Have been meaning to go and have a look at these houses for quite a while now and today I could put it off no longer

There are 3 derelict houses on this plot of land, Fair Croft and two smaller houses called Little Bays and West View







Fair Croft got its name from the site of an annual medieval fair which was granted on this land in 1218

In more recent times the house was divided up into small flats which were used as temporary council accommodation.
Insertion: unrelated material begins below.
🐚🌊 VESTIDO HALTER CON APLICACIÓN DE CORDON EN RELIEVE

Seven portacabin homes were also built in the grounds to provide more temporary housing.

In March 2010 Harlow Council approved planning permission for Moat Homes to build 43 homes (12 affordable, whatever that means!!) on the land despite letters of protest from neighboring houses.

The whole place is generally trashed and the chavs have been in making it quite a disappointment, but I felt the need to explore it before the builders move in.
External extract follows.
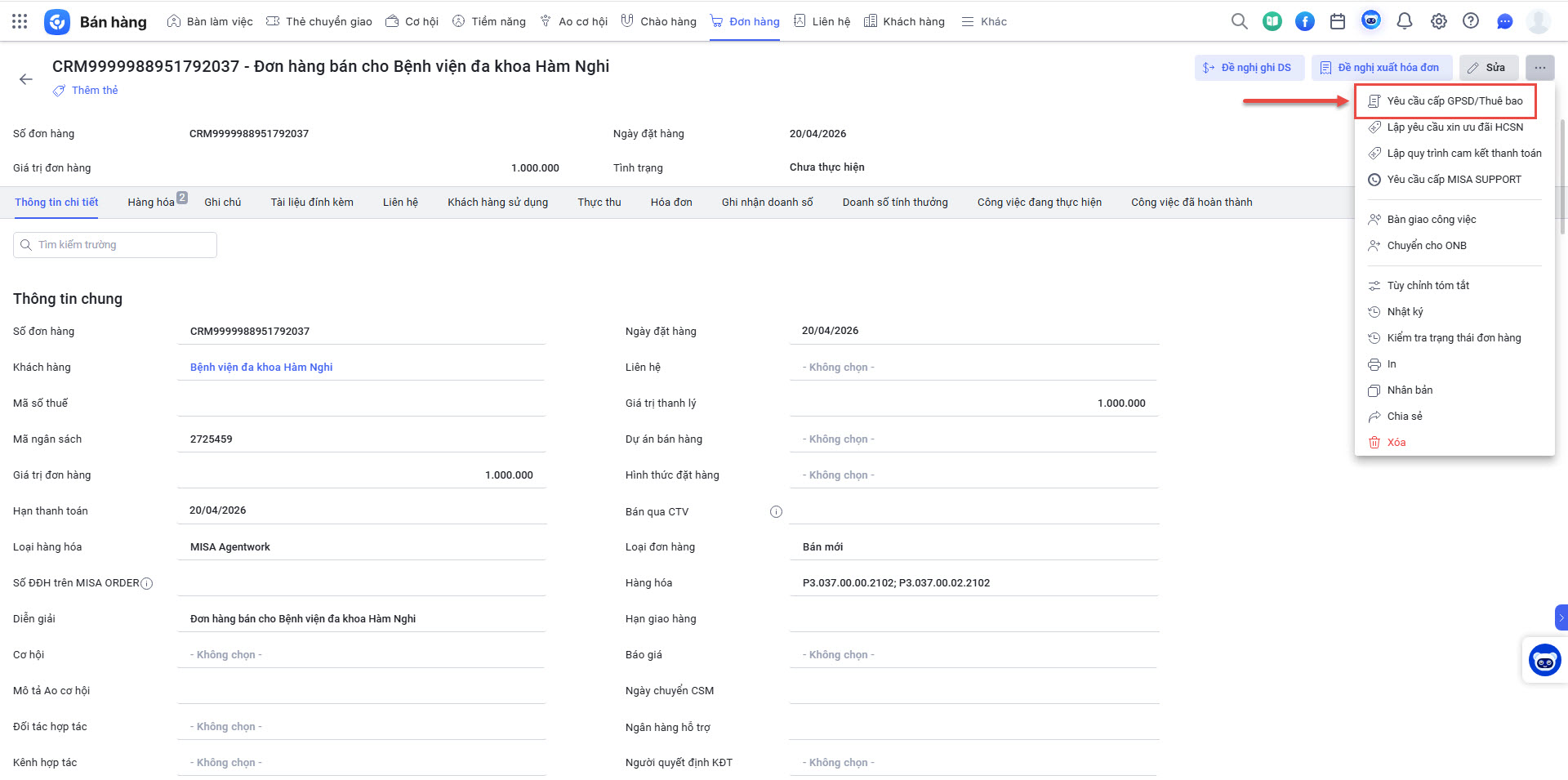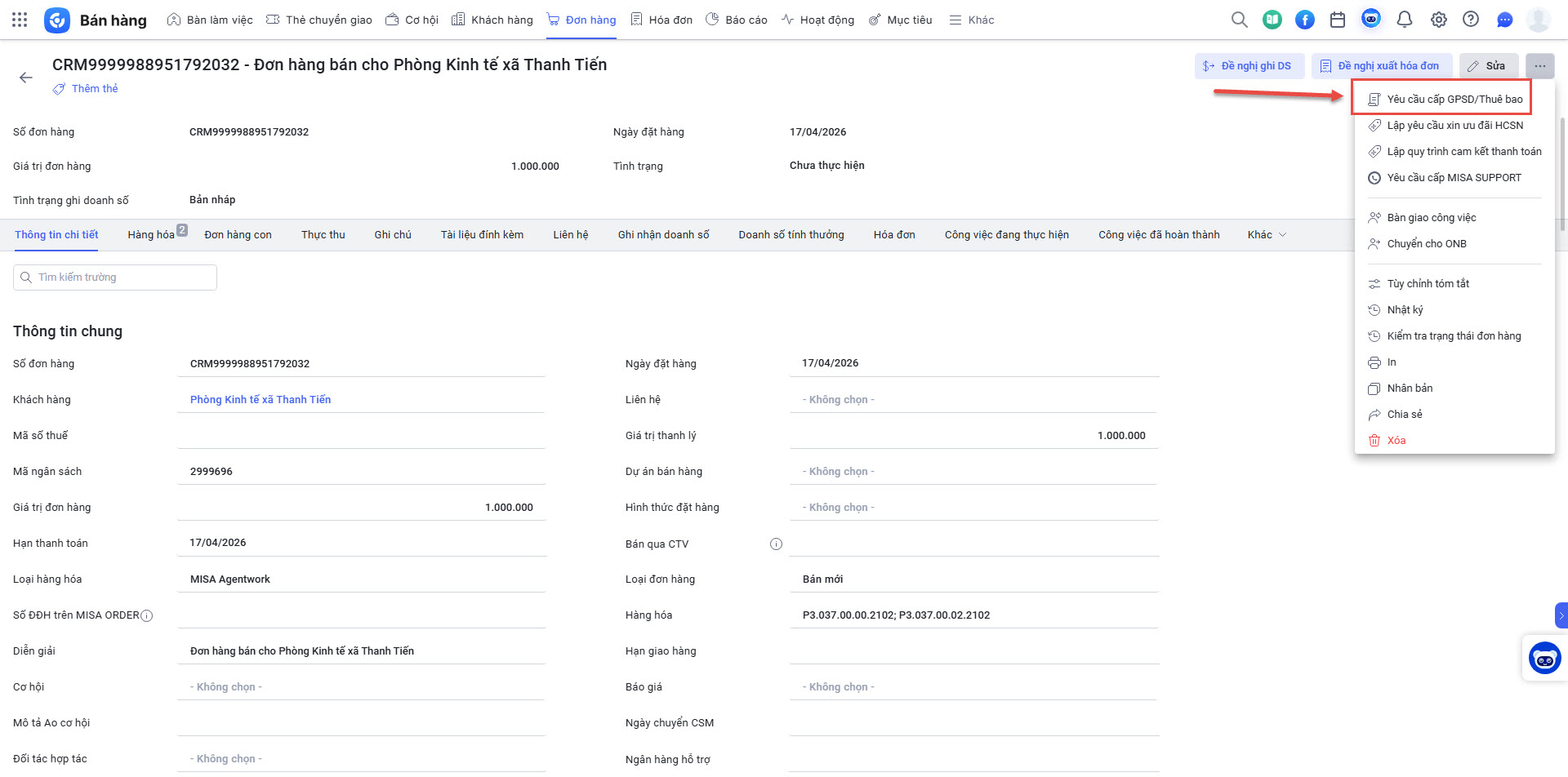 - Trên màn hình thông tin của đơn hàng vừa tạo, nhấn vào menu chức năng và chọn Yêu cầu cấp GPSD/Thuê bao.

Artsits impression of new housing




*

Fair Croft*






















*
Little Bays*












*
West View*



























*The Interior of Fair Croft*
























































Thanks for looking


----------



## fluffy5518 (Jan 14, 2011)

MOAN TIME !!! 
This is typical of this country.Tear down three proper houses/homes and infest the area with tacky little featureless boxes that'll make some couldn't care less businessman a lot of money !!!:icon_evil
MOAN COMPLETE !!
PLUS it will no doubt detract from the picturesque and subtle surroundings that Harlow is famous for !!
PS ; Is exploring your profession !!! 'Cos i cant believe that you can have any spare time left !! Keep it up !!!


----------



## nelly (Jan 14, 2011)

fluffy5518 said:


> PS ; Is exploring your profession !!! 'Cos i cant believe that you can have any spare time left !! Keep it up !!!



Wow, I wish it was, can you imagine that???
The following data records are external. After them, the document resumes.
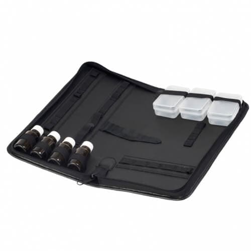 Pedicure etui zwart. Deze pedicure-etui is onmisbaar bij ambulant werkende pedicures. Let op, levering zonder inhoud echter wél met vier (4) vloeistof- flesjes.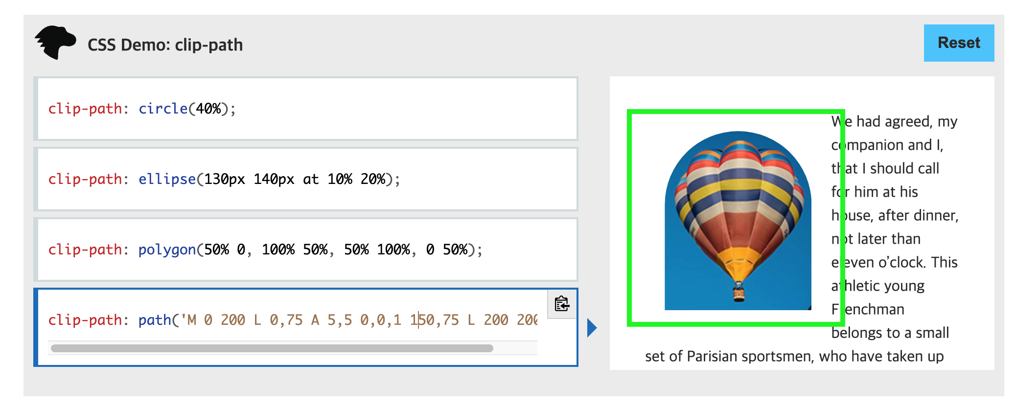 MDN 문서를 읽어보면 아시겠지만 꼭 다각형이 아니더라도 디자이너가 원하는 어떤 형태로든 요소를 클립할 수 있는데요, 다만 인자가 꽤나 많고 복잡한 편이라 제대로 사용하기 어렵다고 느끼실 수도 있습니다.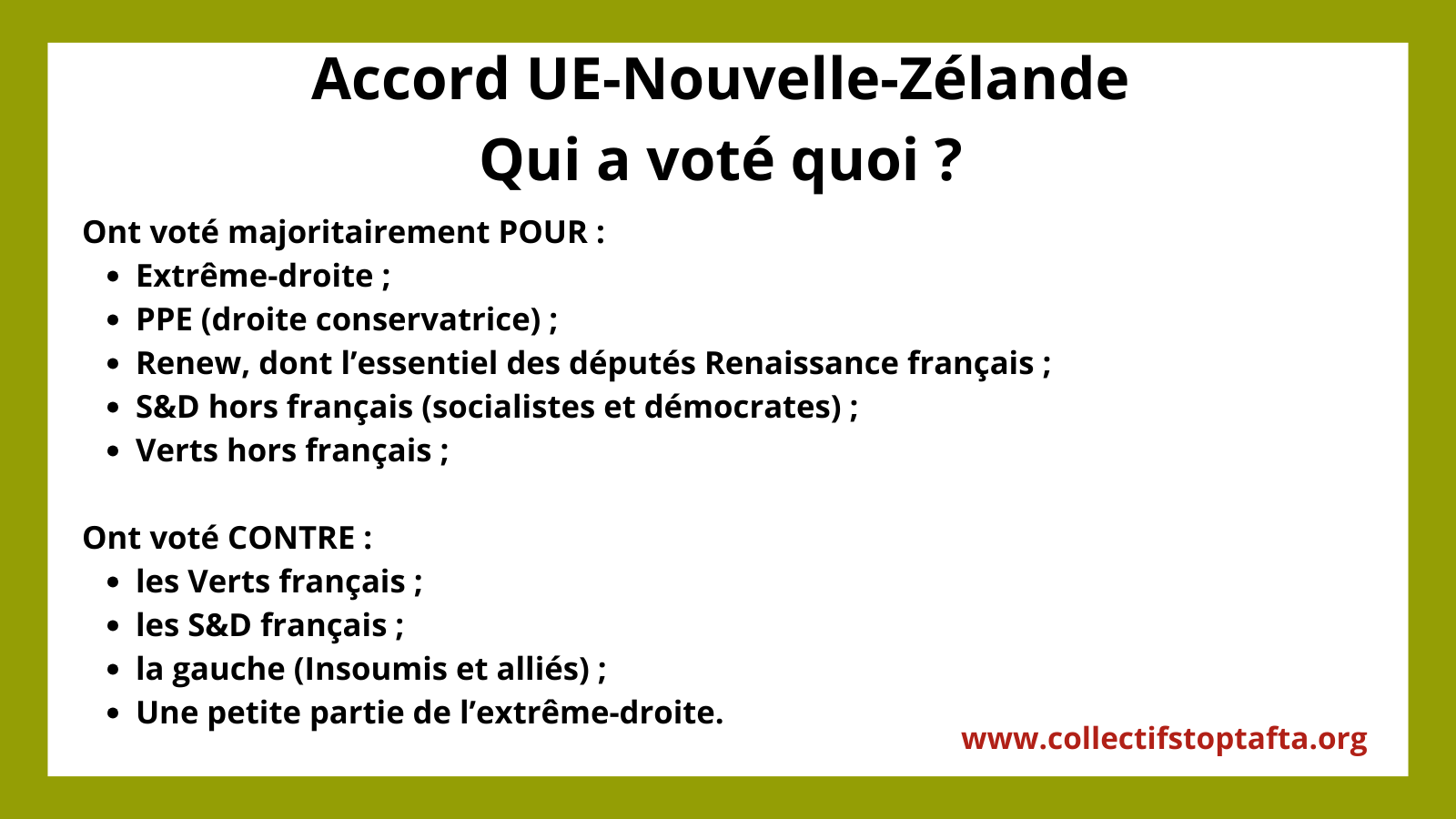C’est avec consternation que nous constatons que 83% des députés européens (524 sur 630 votants) ont approuvé la ratification de l’accord de libéralisation du commerce UE-Nouvelle-Zélande alors que cet accord va aggraver la crise climatique et fragiliser la situation de l’agriculture paysanne européenne. La campagne d’interpellation menée par les organisations de la société civile n’a pas été vaine : les eurodéputés Français des groupes S&D, Verts et GUE ont voté contre cet accord, contrairement aux eurodéputés Renew (Renaissance) qui ont voté pour cet accord. La France peut encore s’y opposer lors du prochain Conseil des ministres du commerce du 27 novembre, sans quoi cet accord sera définitivement ratifié et mis en œuvre.

I'm a self employed driver and I have been putting this off for a while as it was my first solo explore!

So I took a couple of hours out of work, got my cahoonas inflated and went for it!!!


----------



## oldscrote (Jan 15, 2011)

Love the pictures also love the Latin try this for future Quotes there's some belters here

http://www.sodwork.com/funnies/funnyitem.php?id=524


----------



## Mad Larkin (Jan 15, 2011)

nice pics there!

i know a boarded up house across town from me, i spotted it today! 
it's a bit of a walk from my house but im inspired to go and have a mooch about now

its a shame houses and places in general get boarded up and left when people are crying out for housing


----------



## skeleton key (Jan 15, 2011)

Well done Nelly, Mile stone solo 
good man.
Fluffy, look at the last pic ,they've even evicted winnie.
Developers will truely stop at nothing.
Women & children first lol
Thats essex all over right now

SK


----------



## nelly (Feb 25, 2011)

UPDATE

I drove past this place at 9.30 this morning to find 5 fire engines (2 brought in from Epping) and the house called West View was not much more than a shell,

Chavs?? maybe, but a bit early in the morning for them. 

They had started clearing the land last week to make way for the diggers and bulldozers, so maybe a work accident


----------



## skeleton key (Feb 25, 2011)

Bloody hell what a shame bleeding kids 
Oh well,what can i say mate 

SK


----------



## nelly (Feb 25, 2011)

Well, it's not too much of a big deal as they are going to start demolition in a couple of weeks anyway

But there are houses only 30 or so feet next to it, I bet they were shitting bricks


----------



## Curious Dragon (Feb 26, 2011)

I absolutely adore Little Bays... its the kind of place I long to live (with a bit of restoration work of course).
I have to echo the sentiment that it is a crime to destroy such beautiful properties to make way for those which look the same as any other and are, quite frankly, soul-less.

Looks like is was just as well you got in when you did


----------



## dobbo79 (Feb 26, 2011)

Such a shame that houses like this fall into direpair - i can imagine those houses being beautiful if someone had the time and the money to restore them....
bloody chavs...if they dont like ot or are bored they set fire to it..
such a shame....great that you got pics when you did though


----------



## Nobby1974 (Mar 14, 2011)

Even the old lawn roller has more character than the boxes they are likely to build there (


----------